======== The input ========

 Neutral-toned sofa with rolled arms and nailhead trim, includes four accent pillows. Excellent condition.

========
======== The input ========

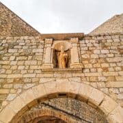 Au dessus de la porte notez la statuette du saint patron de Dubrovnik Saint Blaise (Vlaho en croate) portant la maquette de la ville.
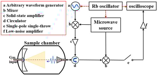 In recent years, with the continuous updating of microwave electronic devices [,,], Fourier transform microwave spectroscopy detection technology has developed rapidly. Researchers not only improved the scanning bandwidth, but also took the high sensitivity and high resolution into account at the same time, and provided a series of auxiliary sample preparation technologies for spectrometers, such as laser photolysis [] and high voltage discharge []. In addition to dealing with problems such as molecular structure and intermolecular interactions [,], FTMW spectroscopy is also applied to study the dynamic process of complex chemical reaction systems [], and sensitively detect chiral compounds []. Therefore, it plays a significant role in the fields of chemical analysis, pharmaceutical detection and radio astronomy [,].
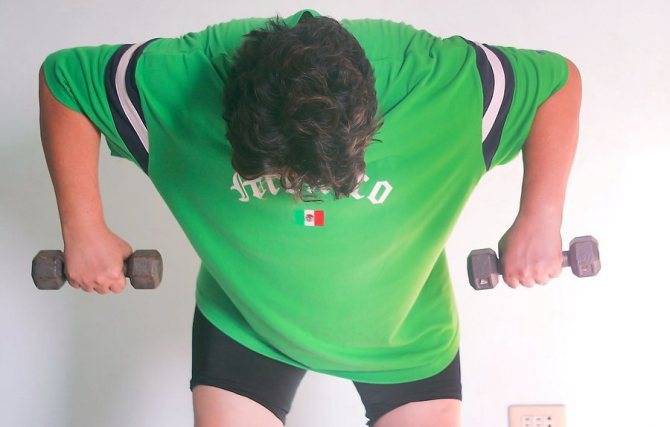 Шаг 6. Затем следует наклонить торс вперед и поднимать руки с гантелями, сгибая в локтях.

========
======== The input ========

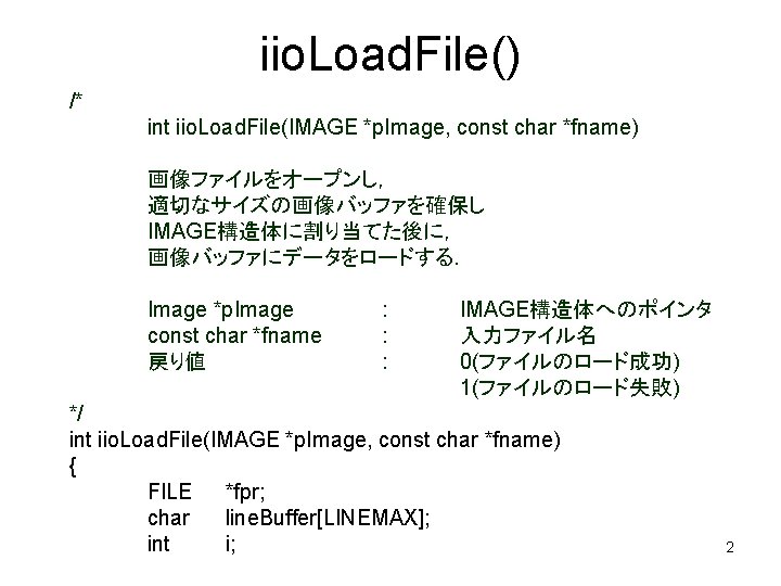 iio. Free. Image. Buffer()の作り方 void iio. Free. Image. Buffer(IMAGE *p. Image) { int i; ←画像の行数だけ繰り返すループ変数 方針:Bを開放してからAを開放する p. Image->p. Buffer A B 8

========

▸ **The task**:
From the records above, transcribe only the stretch from the line with "In recent years, with" through the line with "Шаг 6. Затем", keeping both ends. Omit pictures.

▸ **Result of the task**:
 In recent years, with the continuous updating of microwave electronic devices [,,], Fourier transform microwave spectroscopy detection technology has developed rapidly. Researchers not only improved the scanning bandwidth, but also took the high sensitivity and high resolution into account at the same time, and provided a series of auxiliary sample preparation technologies for spectrometers, such as laser photolysis [] and high voltage discharge []. In addition to dealing with problems such as molecular structure and intermolecular interactions [,], FTMW spectroscopy is also applied to study the dynamic process of complex chemical reaction systems [], and sensitively detect chiral compounds []. Therefore, it plays a significant role in the fields of chemical analysis, pharmaceutical detection and radio astronomy [,].
 Шаг 6. Затем следует наклонить торс вперед и поднимать руки с гантелями, сгибая в локтях.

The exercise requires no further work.